Last month, Spain’s eighth education law in democratic history was passed by congress while creating a storm of anger and protest. One of the most controversial aspects of the bill is the elimination of a passage stating that Castilian Spanish (Castellano) is the “vehicular language” of Spain. Right wing commentators view this as a concession to Cataluña’s “linguistic immersion” model that uses Catalan as the primary language of instruction in the autonomous region. Spain’s minority government relies on support from regional parties to pass legislation.
Gloria Lago, leader of Hablamos Español (We Speak Spanish), an pressure group that campaigns for more Spanish-language education in regions with their own minority languages, told the Financial Times, “This is an attempt to ensure that Spanish is not a language with a presence throughout the country.

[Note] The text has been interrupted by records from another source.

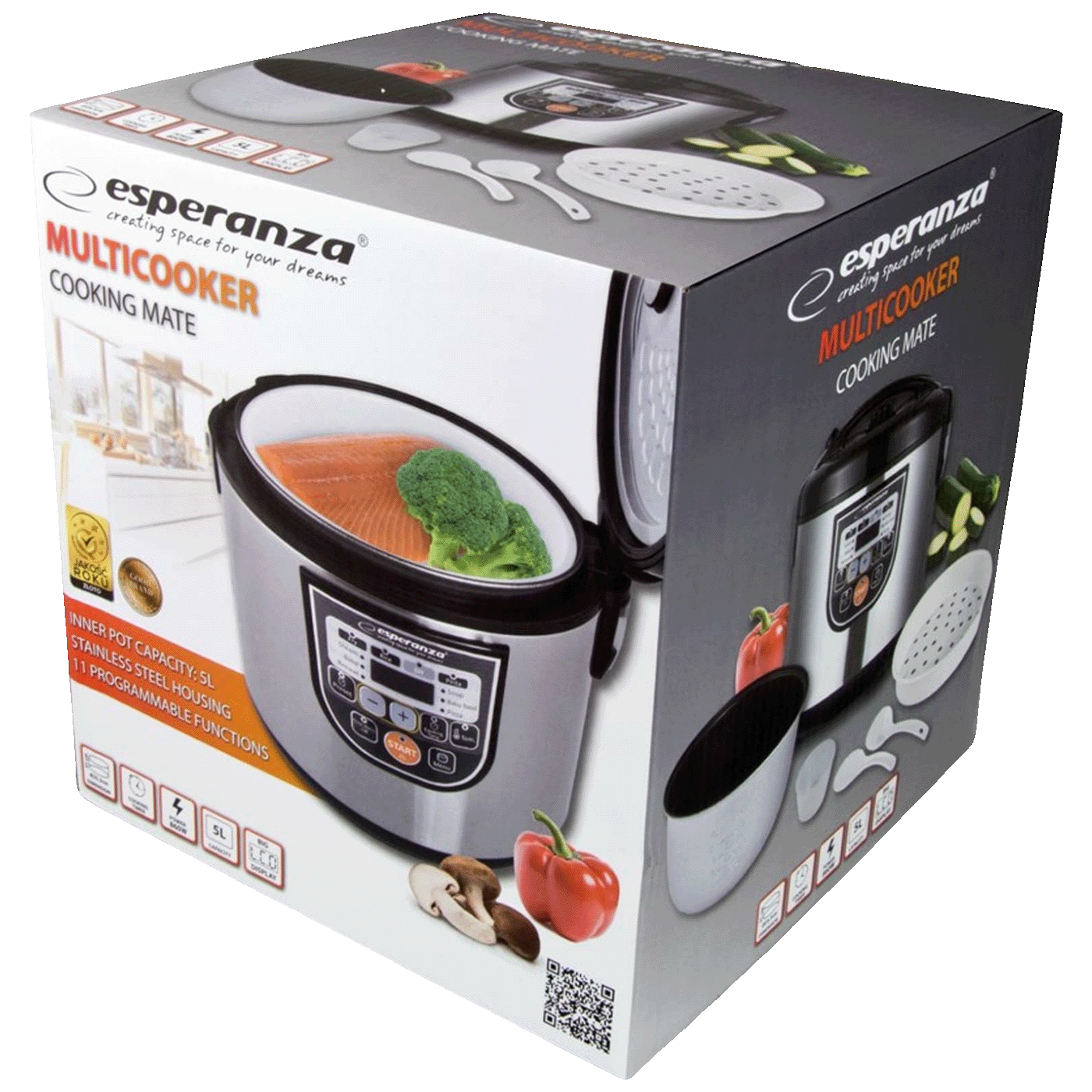 Esperanza Multicooker Cooking Mate je višenamjenski kuhinjski aparat koji ti pomaže da pripremiš razne vrste jela brže i jednostavnije u jednom uređaju. Ovaj multicooker sadrži više funkcija poput električnog lonca, friteze zraka, parnog kuhača i pečenja kolača ili hljeba, što ti omogućava pripremu zdravijih obroka uz manje masnoće i uz uštedu prostora u kuhinji. Zahvaljujući LCD ekranu s intuitivnim programima lako je podesiti vrijeme i temperaturu kuhanja, a veliki kapacitet unutrašnje posude omogućava spremanje većih obroka za cijelu porodicu. Aparat dolazi s korisnim dodacima kao što su mjerna čaša, žlica za rižu, kutlača za juhu i parna košara.
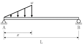그림과 같이 길이가 L인 단순보에 삼각형 분포하중이 작용하고 있다. A점과 B점의 수직반력이 같다면, 삼각형 분포하중이 작용하는 거리 x는? (단, 구조물의 자중은 무시한다)
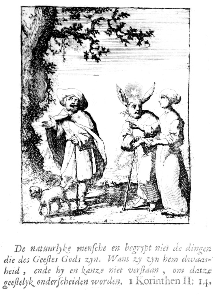 Luiken, Jan – About Paradise, where it is, and how one can contemplate it: The Soul and the Flesh encounter a blind man walking his dog.(before 1712)Jezus en de ziel : Een geestelyke spiegel voor ‘t gemoed : Bestaaende in veertig aangenaame en stichtelyke zinnebeelden : Nevens Het Eeuwige Vaderland en deszelfs vreugde(Public Domain, Pitts Theology Library, Candler School of Theology, Emory University)
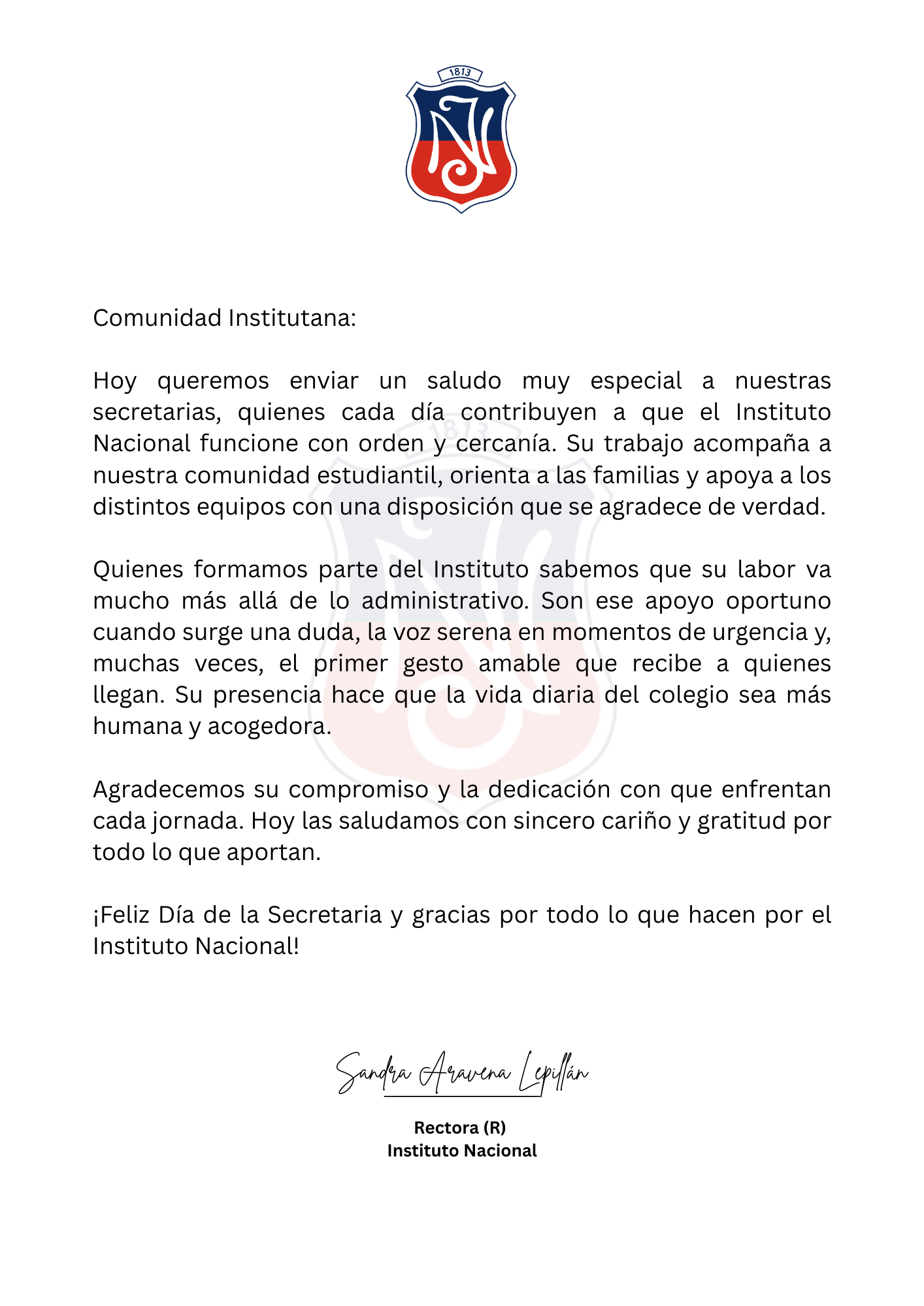 Hoy queremos enviar un saludo muy especial a nuestras secretarias, quienes cada día contribuyen a que el Instituto Nacional funcione con orden y cercanía. Su trabajo acompaña a nuestra comunidad estudiantil, orienta a las familias y apoya a los distintos equipos con una disposición que se agradece de verdad.
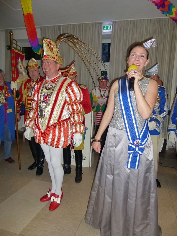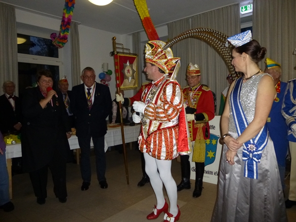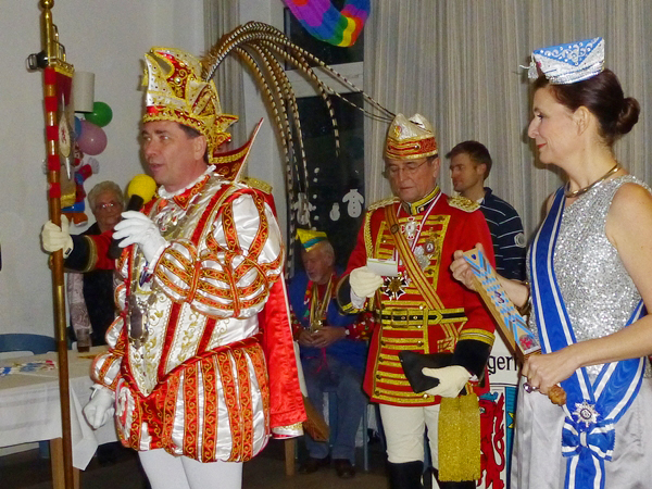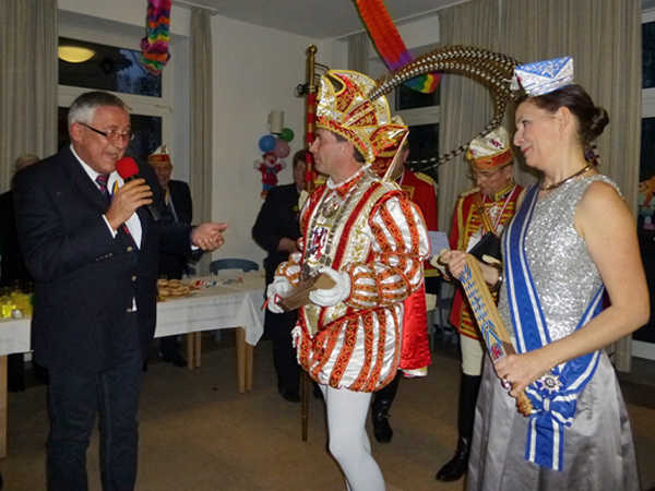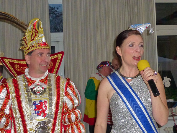 Traditionsgemäß wurde in Person von Jutta Abu-Shanab, 78 Jahre, und Walter Raddatz, 77 Jahre, wieder ein Heimprinzenpaar gekürt, das die Sitzung genoss. Höhepunkt für die Beiden war, als das Düsseldorfer Prinzespaar, Michael I. und Venetia Pia, Ihnen ihren Orden verlieh wie auch einer 101jährigen Seniorin und einem Geburtstagskind gratulierte. Das Prinzenpaar ging durch die Reihen, setzte sich und schunkelte mit den Senioren begeistert mit. Amüsant moderierte Ute Schulz, die Schirmherrin der Bürgerhilfe Gerresheim, das bunte Programm. Lothar Bochem begann pünktlich um 15.11 Uhr mit dem Lied der Bürgerhilfe. Klaus Heylen, also ich in Person des Pressesprechers, sang unter anderem als Premiere das selbst getextete Lied "Engel und Bengel". Der Mann mit dem Koffer, Dirk Westmeier, besser bekannt als Puma, erzählte in seiner witzigen Rede auch von Fortuna. Dat Marita, Marita Weiss, sang neben bekannten und neuen Liedern, mit Alfred Schulz zusammen das Lied "Wolke 7" und Judith, die Oldietante, brachte auch tolle alte und neue Lieder, die sehr gut ankamen. Die Tanzgarde der Gerresheimer Bürgerwehr war ein weiteres Highlight. Hervorzuheben war dabei der Showtanz mit Motiven von Mary Poppins. De Jong us Jerresheim, Markus Sobotka, kam im Schlossturmkostüm. In seiner lustigen Rede hatte er altbekannte Lieder eingebaut, die alle mitsangen. Vor und nach dem Düsseldorfer Prinzenpaar lief das Sängerduo Flönz und Röggelchen zur Hochform auf und musste wie andere auch Zugaben geben. Thomas Mühlenbein von den 3 Köbessen sang sein Lied über Kappes Hamm als Uraufführung und brachte den Saal mit altbekannten Liedern zum Rasen. Viele Gerresheimer Persönlichkeiten wie Rolf Buschhausen oder Heinz Lückerath und Vertreter von Vereinen waren zugegen. Alfred Schulz und Joachim Heik sorgten für den erfrischenden musikalischen Rahmen. Frau Meister, die Leiterin des Ferdinandheimes, bedankte sich zum Schluss für das großartige Programm, das Hans Küster und seine Mannen auf die Beine gestellt hatten. Dafür gab es Lob von allen Seiten. Wie immer gab es zum krönenden Abschluss traditionsgemäß den schon berühmten Kartoffelsalat mit Bockwürsten und Frikadellen. Danke nochmals den vielen helfenden Händen der BHG, den aufopferungsvollen Betreuern des Ferdinandheimes und den unendgeldlich auftretenden Künstlern.
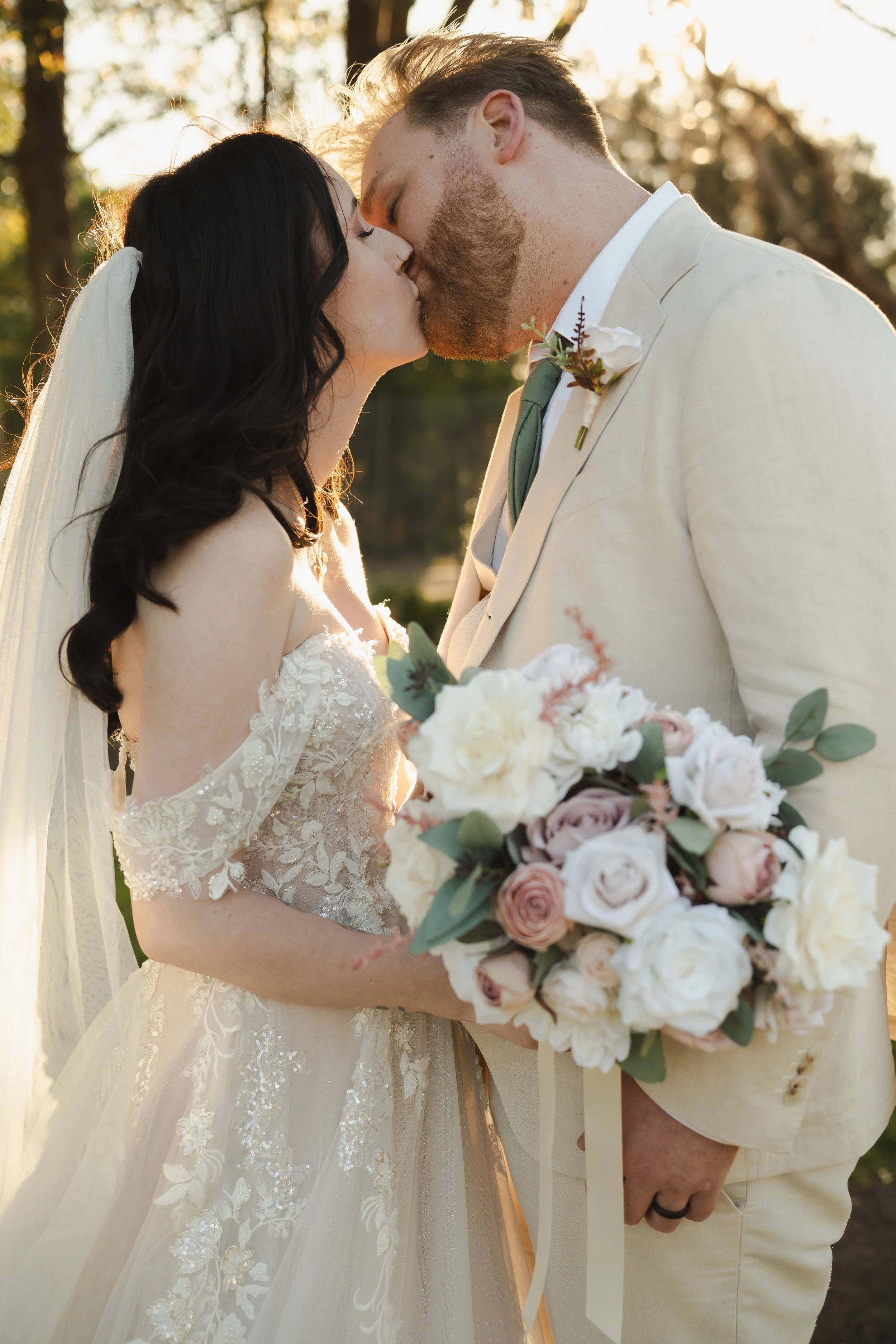 As the sun dropped toward the riverbank, the couple wandered the grounds for portraits. The light hit just right, golden, soft, and fleeting, perfect for the kind of photos that tell a story years down the line.
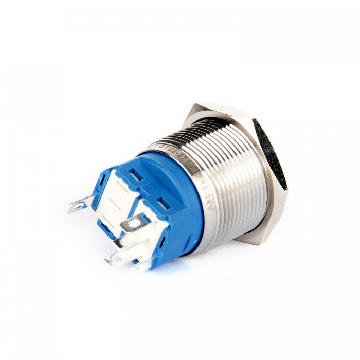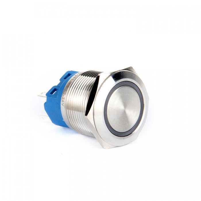 22mm Delik Çapına Uyumlu Düz Kafa Metal Mavi LED Işıklı Yaylı Buton

It makes it very difficult to move from one part of the country to another, particularly if you want your children to be taught in Spanish.”
The government maintains that the goal is for students in bilingual regions to become fluent in both Spanish and their provincial language. Even poet Luis García Montero, director of the Instituto Cervantes warns against criticizing the change, “We should be very wary of language differences being used to foster tensions and hatred, when our cultural diversity—including minority mother tongues that deserve democratic support—is part of our strength.”
However, the more conservative Real Academia Española has called for the bill not to “put in question the use of Spanish in any territory of the state or to promote obstacles to citizens being educated in their mother tongue.”
The opposition Partido Popular claimed that the legislation represented a “break with our systems of liberties and constitution” and helped to stage demonstrations across Spain against the measure, which still requires Senate approval. Supporters of the bill claim the language issue is a diversion to undermine the main purpose of the bill which is to level the playing field between public schools and privately run, often religious schools that receive public funding and educate a quarter of the nation’s students.
It was only in 2013, under a more conservative government, that the reference to Spanish as the language of instruction was introduced.
“The charge that we are trying to rid of Spanish could not be further from the truth. This law will ensure that any pupil must leave school speaking Spanish and any other language, be it Catalan, Basque, or Galician equally well,” Juan Mena, education spokesman for En Comú, a left-wing party, told VOA. “The mention of Spanish no longer being the principal language is only because previous education laws said Spanish must be the principal language even in regions where other languages are spoken.”